**Data excerpt:**
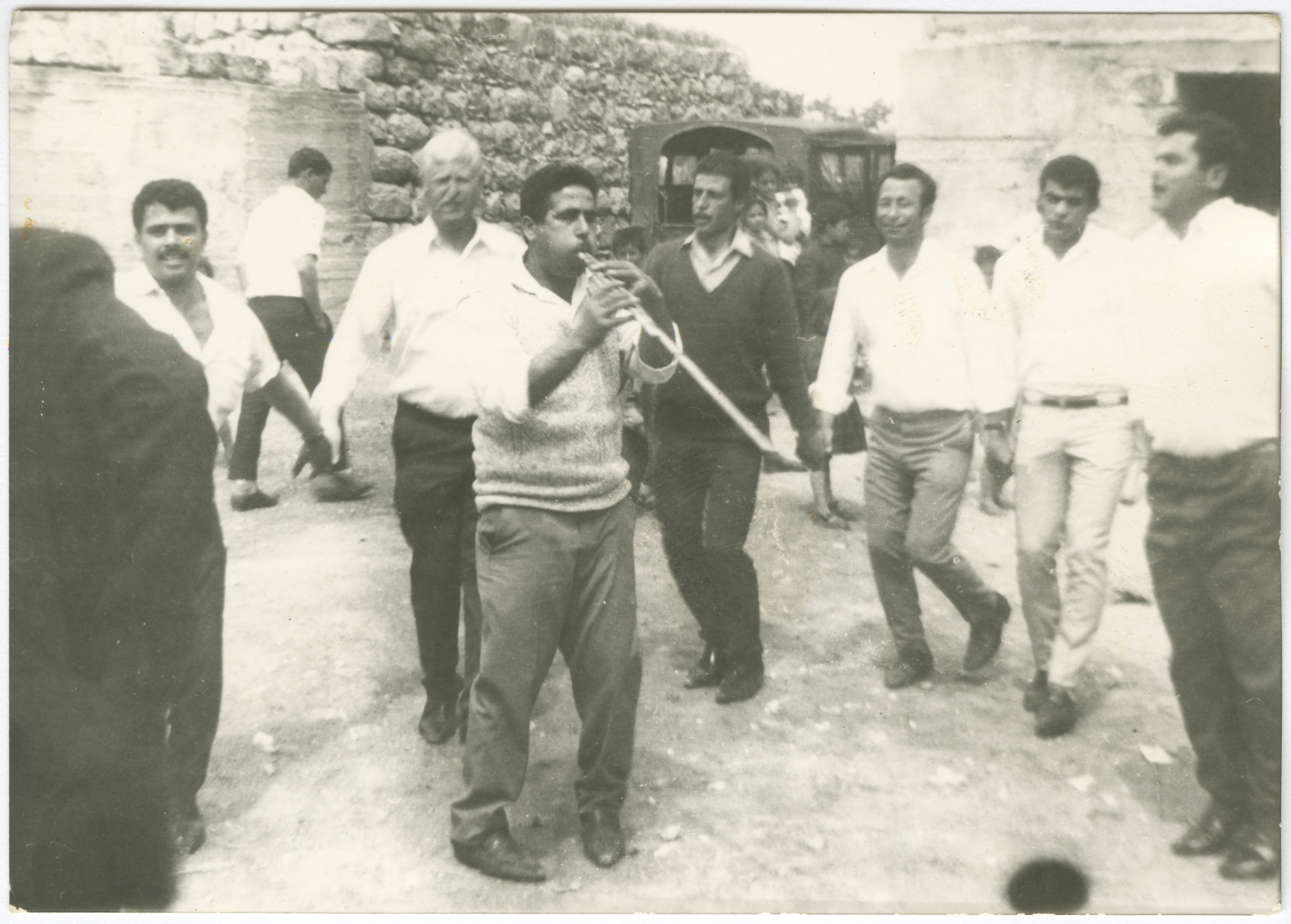 A group of men dancing the Palestinian Dabkeh in the weeding of Khaled Bakariya from Arrabeh.
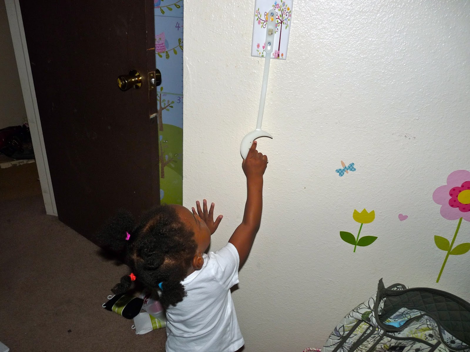 I’m a very energetic toddler. Yes, I like to climb onto, over and into things. It’s not safe for me to do but I do it anyway. One of the things I like playing with was my light switch in my room. I would usually pull a toy and stand on it and flip it on and off. Once again it wasn’t safe but I did it anyway.
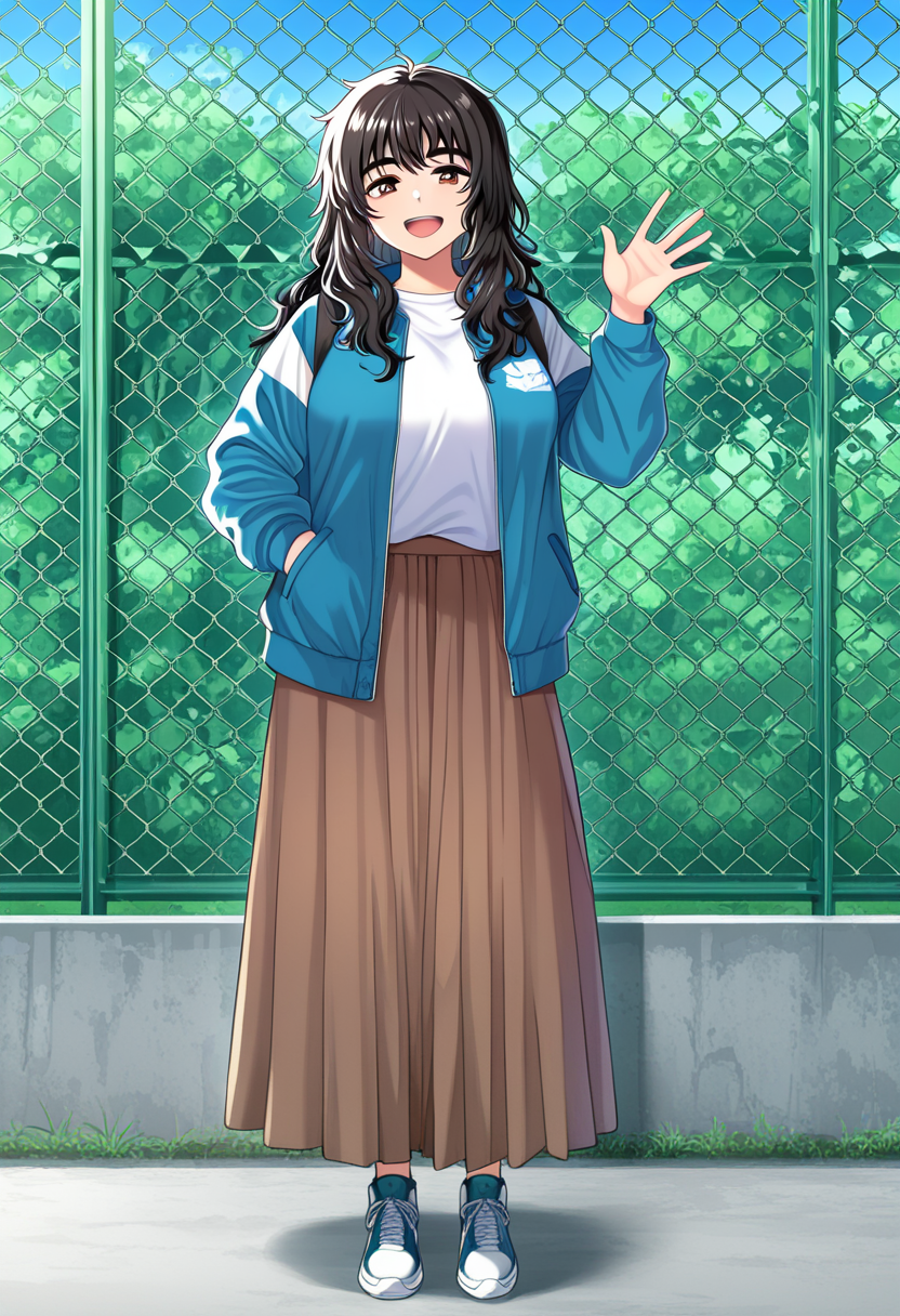 의상: 긴 치마, 재킷, 셔츠

**Prompt:** Leaving the pictures aside, write out only the lines from the one containing "I’m a very energetic" through the end of the material, exactly as they stand.

**Answer box:**
 I’m a very energetic toddler. Yes, I like to climb onto, over and into things. It’s not safe for me to do but I do it anyway. One of the things I like playing with was my light switch in my room. I would usually pull a toy and stand on it and flip it on and off. Once again it wasn’t safe but I did it anyway.
 의상: 긴 치마, 재킷, 셔츠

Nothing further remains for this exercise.